17 Jul The Samir Kuntar Prisoner Exchange and the Law of Moral Hazard
There is one book that I have my classes in international business as well as public international law both read (actually, I read it aloud to them and later give them a pop quiz), If You Give a Mouse a Cookie. It is the single finest book on incentives and moral hazard available, I believe:
If you give a mouse a cookie, he’s going to ask for a glass of milk.
And it doesn’t stop there, of course. Reward behavior and you’ll get more of it.
Update: Ben Davis comments:
Folks, if we get into comparative awfulness or comparative virtue about Israel and the Palestinians, this will never end. There are people on each side who think they are the angels and the others are the devils. And are absolutely certain about their view.
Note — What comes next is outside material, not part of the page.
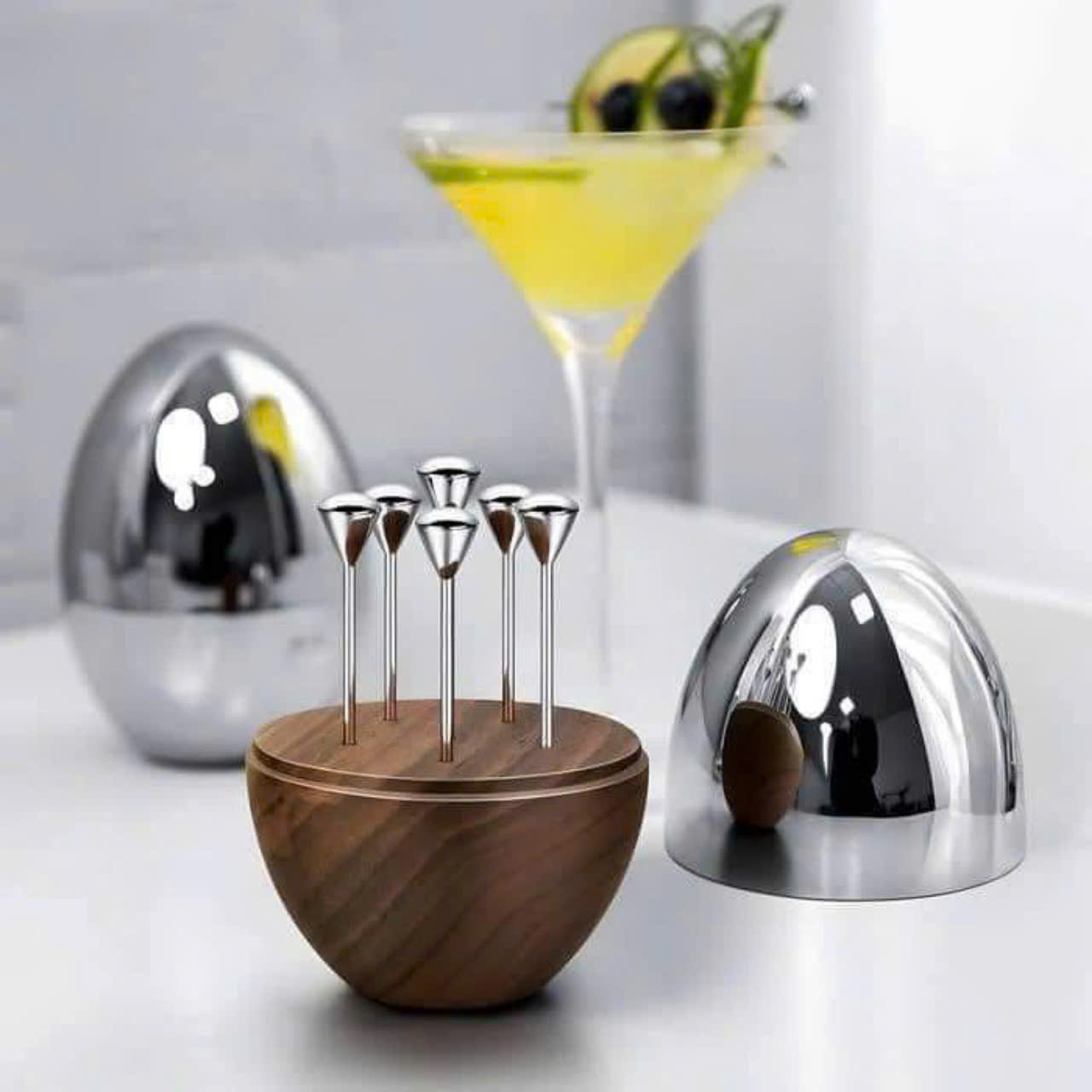 Mua tại TiktokBộ 6 dĩa hoa quả Modern siêu độc lạ với giá đỡ hình quả trứng bằng gỗ và mặt trên là thép không gỉ sáng bóng cực xịn sò ạaa Mang đến sự sang trọng, thanh lịch tinh tế cho các bữa tiệc tại gia cùng gia đình Kích thước mỗi cây xiên 8cm phù hợp để trang trí cooktail, xiên hoa quả, cherry, oliu…

So rather than rehash this path again and the debates about the breaches of the instruments that demonstrate under sets of views illegal actions by this side or that side, is there a possibility of going to some kind of third space on this that moves the ball farther up the field towards some assistance with building a long-term peace that is meaningful for all the parties?
Point taken. But in broadening this out, let me ask if anyone would like to respond to the more general observation, which is about the decision between immediate actions and the incentives or disincentives created by those immediate actions. It is a fundamental question for many of the debates in international affairs, and international law, since that law seeks (whether wittingly or not) to structure incentives.